Statistical analysis

The data were evaluated by SPSS 23.0 software (IBM Corporation) and MedCalc Application 19.0.4 software. Patients with or without PCOS were grouped into four frequency groups according to neck circumference, respectively. The value lied below the 25 percent of the bottom value was denoted by quartile (Q1). The other three quartiles were respectively denoted as Q2, Q3, and Q4. Demographic and laboratory variables with a skewed distribution were presented as the medians (interquartile ranges), otherwise were presented as mean ± standard deviation.
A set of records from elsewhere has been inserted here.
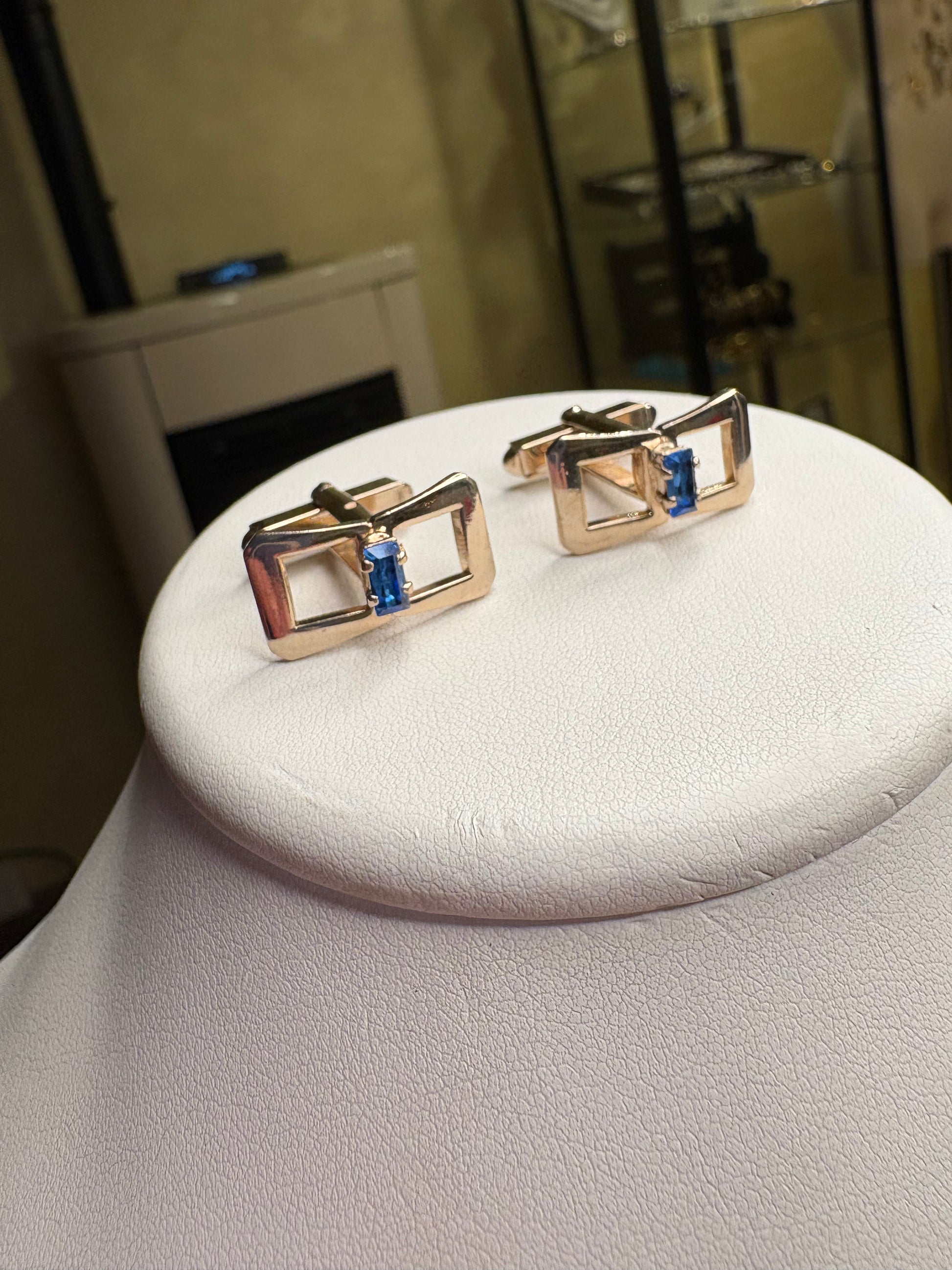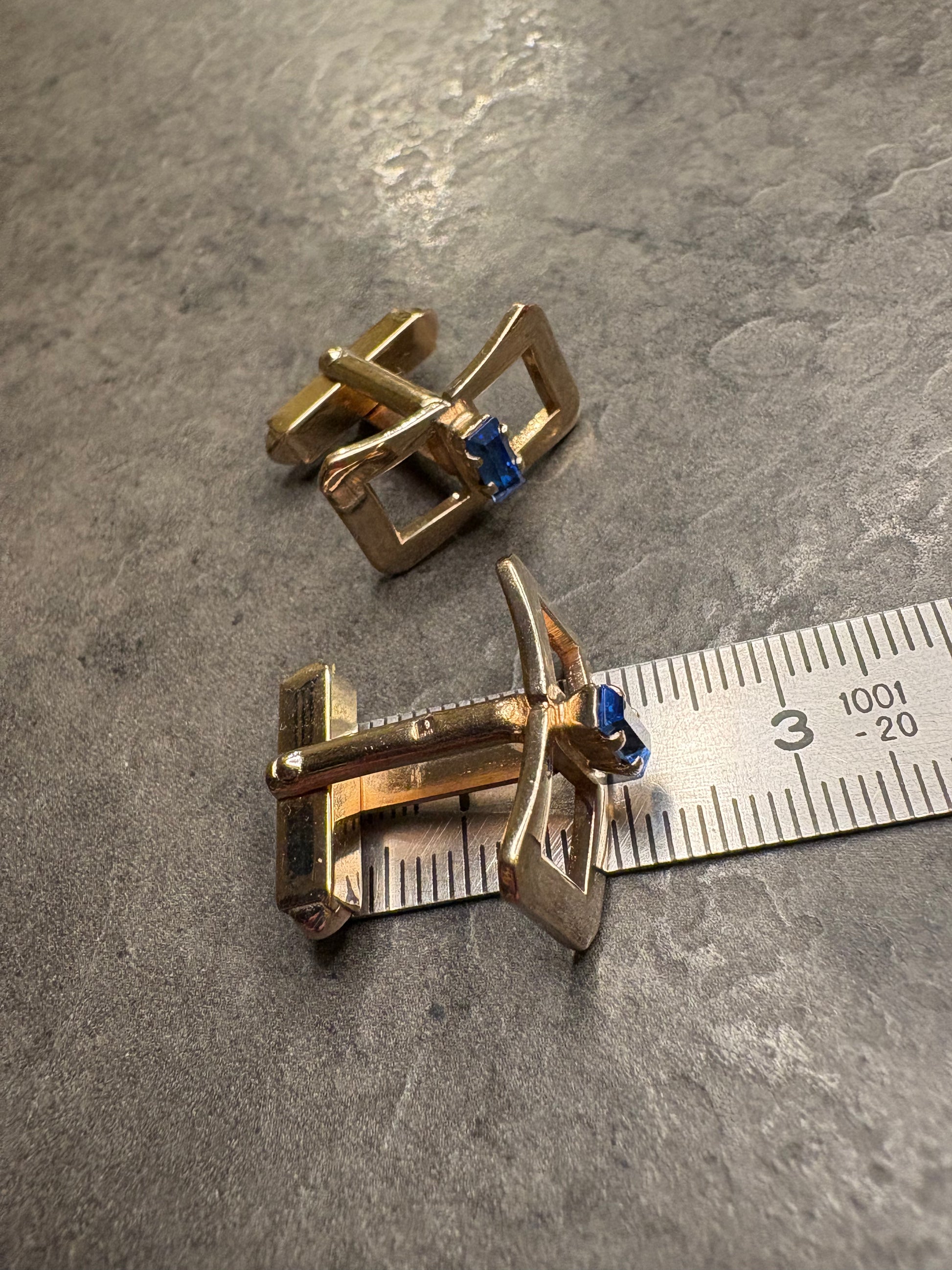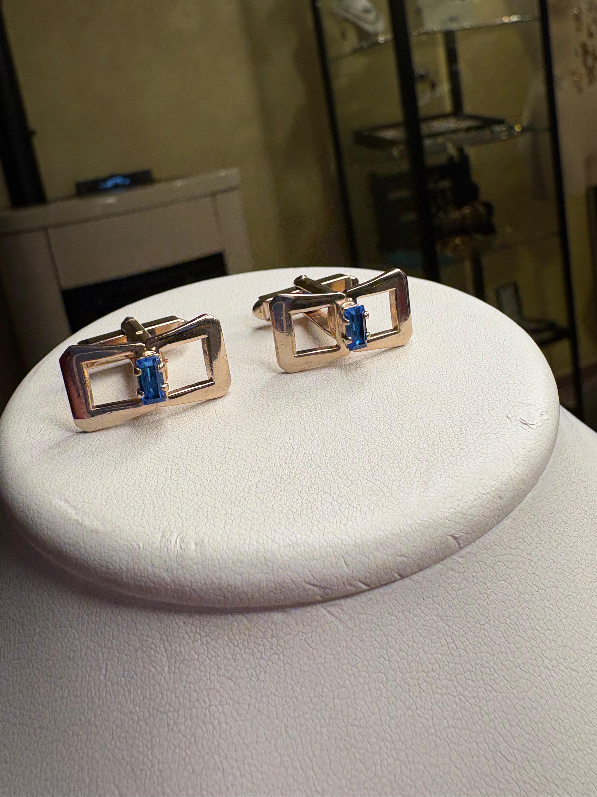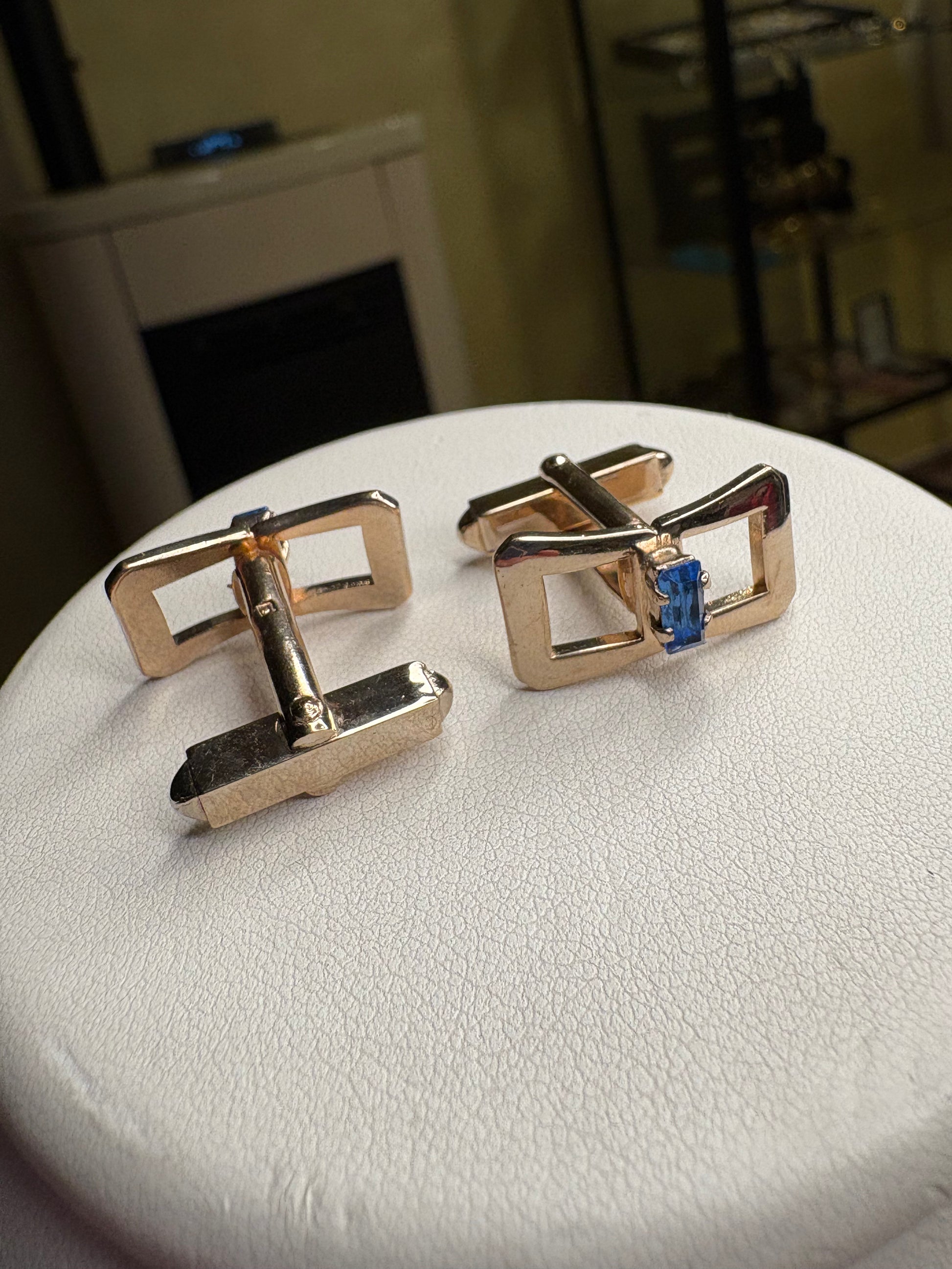 Questi raffinati gemelli vintage colpiscono per il loro design geometrico e pulito: una cornice rettangolare in metallo dorato crea un look moderno e ricercato, arricchito al centro da una luminosa pietra blu taglio baguette, che dona un tocco di colore intenso e sofisticato. La struttura è solida, ben bilanciata, con chiusura a perno basculante, tipica dei gioielli maschili di qualità.
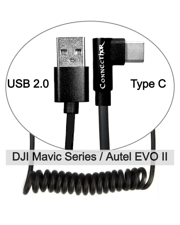 Kabel ConnecThor USB 2.0 (prosty) – Type-C (kątowy) zwinięty na sprężynie, długość 30-60 cm (EAN_7090045910177) od Thor’s Drone World
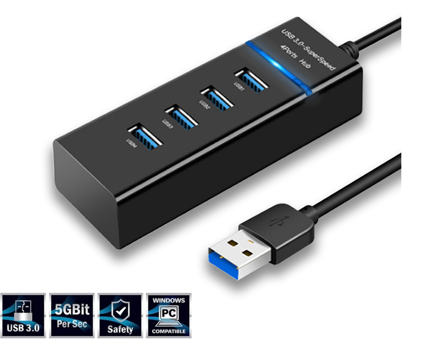 En liten kompakt boks med 4 stk. 3.0 Hub
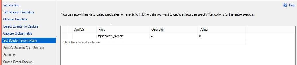 选择Event发生时其他信息,这些信息一般跟Session相关,例如Database_id 和 Database_id 就是Event发生的database 信息。一般会将sql_text也选中,便于查看触发Event的SQL语句。
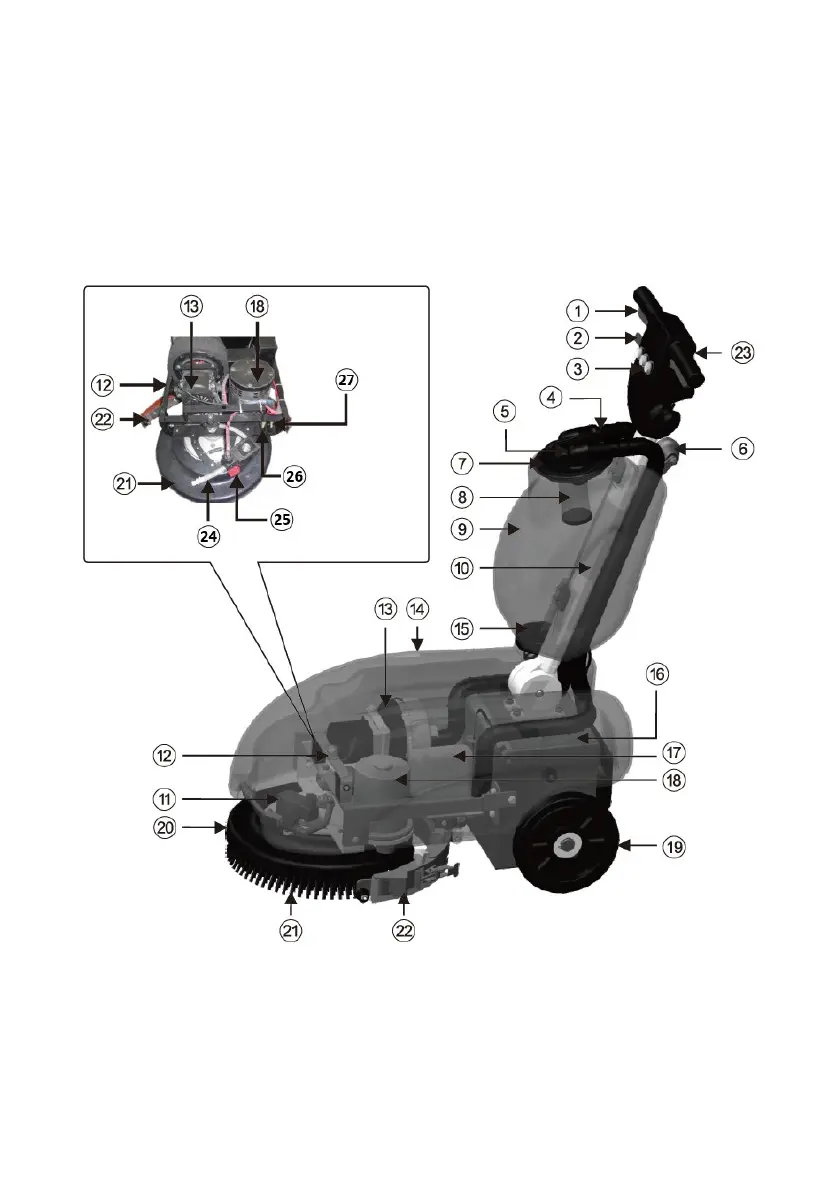 The device is designed for wet cleaning of concrete, epoxy, tiled floors, etc. The machine
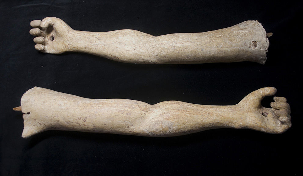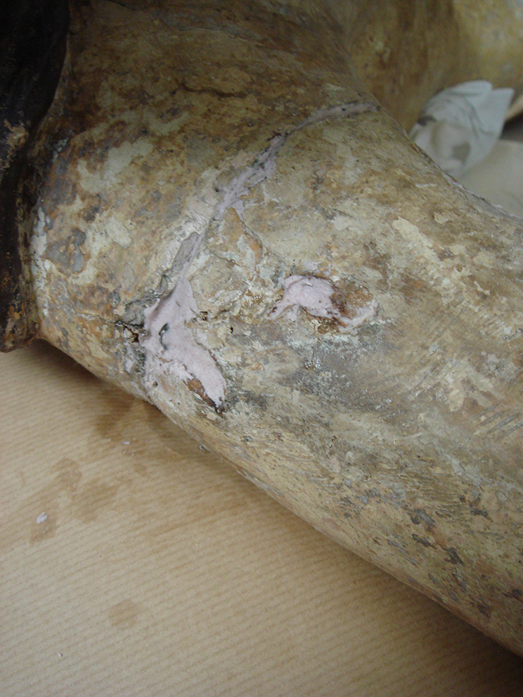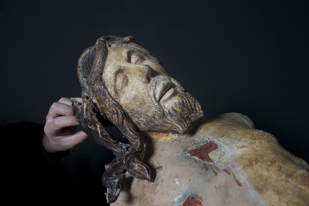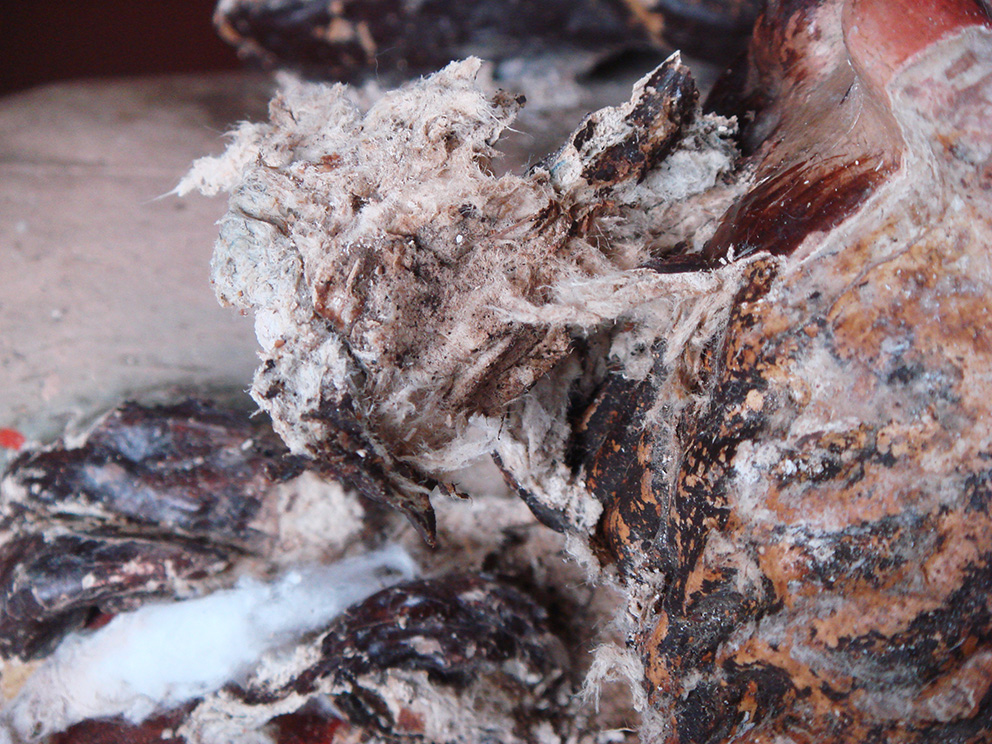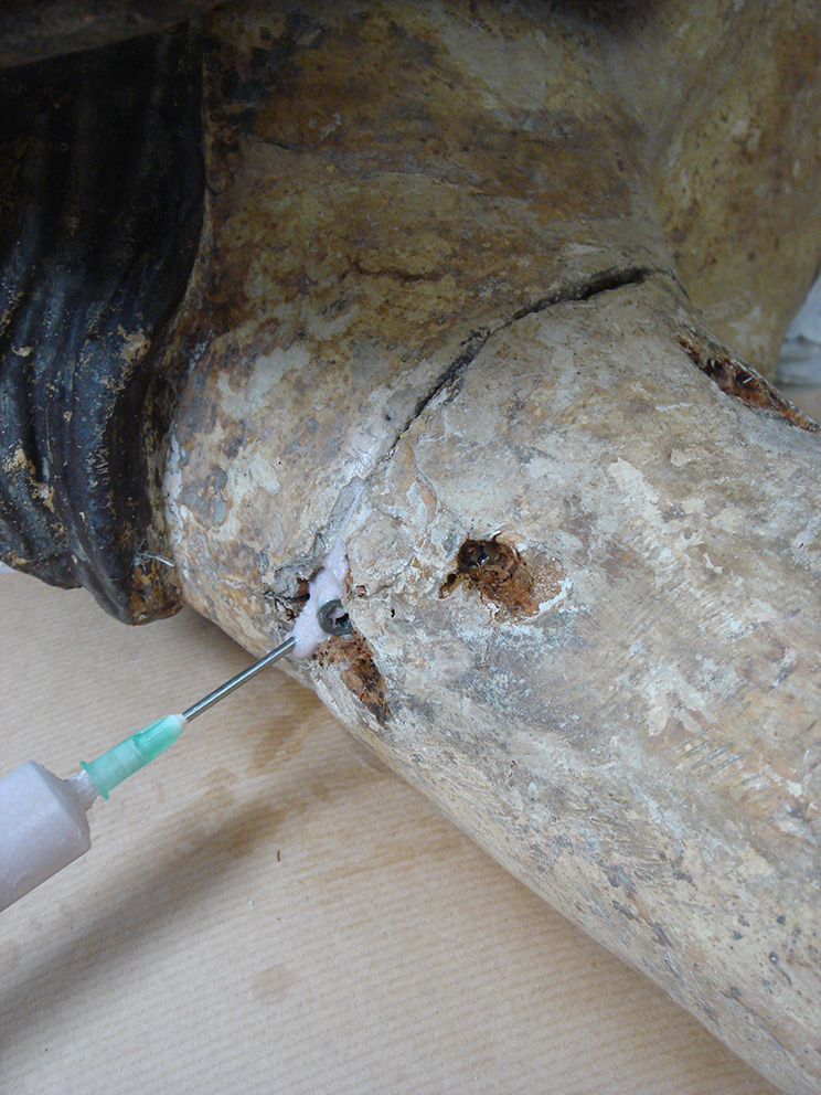 L’incollaggio delle braccia, che si presentavano completamente distaccate dal resto del corpo, è avvenuto tramite l’uso di colla forte, mentre per le stuccature del legno è stata usata la Balsite.

Skewness and kurtosis tests for normality were performed and the results showed that the levels of basal LH, E2 and T, LH/FSH ratio, AMH, FINS, HOMA-IR, HOMA-β, LDL, and TG were non-normally distributed. For continuous variables, p values for trends across quartiles were calculated by linear regression analysis. Data with skewed distributions were logarithmically transformed prior to linear regression analysis. Logistic regression analysis was performed to obtain the odds ratios and 95% confidence interval (CI) of NC for metabolic syndrome based on quartiles of NC. Model 1 was unadjusted. In model 2, adjusted variables included age, SBP, and DBP. In model 3, BMI, HC, LH/FSH ratio (log-transformmed), TG (log-transformmed), HDL and HOMA-IR (log-transformmed) were further adjusted. Logistic regression analysis was performed to obtain the prevalence ratios for each metabolic risk factors (hypertension, obesity, central obesity, hyperglycemia and dyslipidaemia) based on quartiles of NC after adjusting for relevant variables. Meanwhile, p values for trends across the quartiles were calculated by the Cochran–Mantel–Haenszel method. Receiver operating characteristic (ROC) curves were used to compare the predictive ability of NC, BMI, HC and WHR for MetS by calculating the area under the curve (AUC). The Youden index, defined as sensitivity + specificity – 1, was calculated to identify the optimal cutoff points. The specificity and sensitivity of NC, BMI, HC and WHR as well as the positive and negative predictive values were calculated for each cutoff point in the sample. All p values lower than 0.05 were considered statistically significant.

Results

Baseline characteristics according to the quartiles of neck circumference in PCOS

The general demographic, anthropometric information and metabolic characteristics in PCOS women according to the quartiles of NC were described in Table 1. The ranges of NC in Q1, Q2, Q3 and Q4 were <31.0 cm (n = 200), 31.0–33.0 cm (n = 189), 33.0 cm–35.0 cm (n = 150), and >35.0 cm (n = 94). Subjects with larger NC showed elevated levels of BMI, NC, WC, HC, WHR, SBP, DBP, basal T, FBG, FINS, HOMA-IR, HOMA-β, TG, LDL, but lower levels of HDL. No significant differences were observed between the quartiles of age, the number of current smoker, LH/FSH ratio and the level of basal LH, basal FSH, basal E2, AMH and TC.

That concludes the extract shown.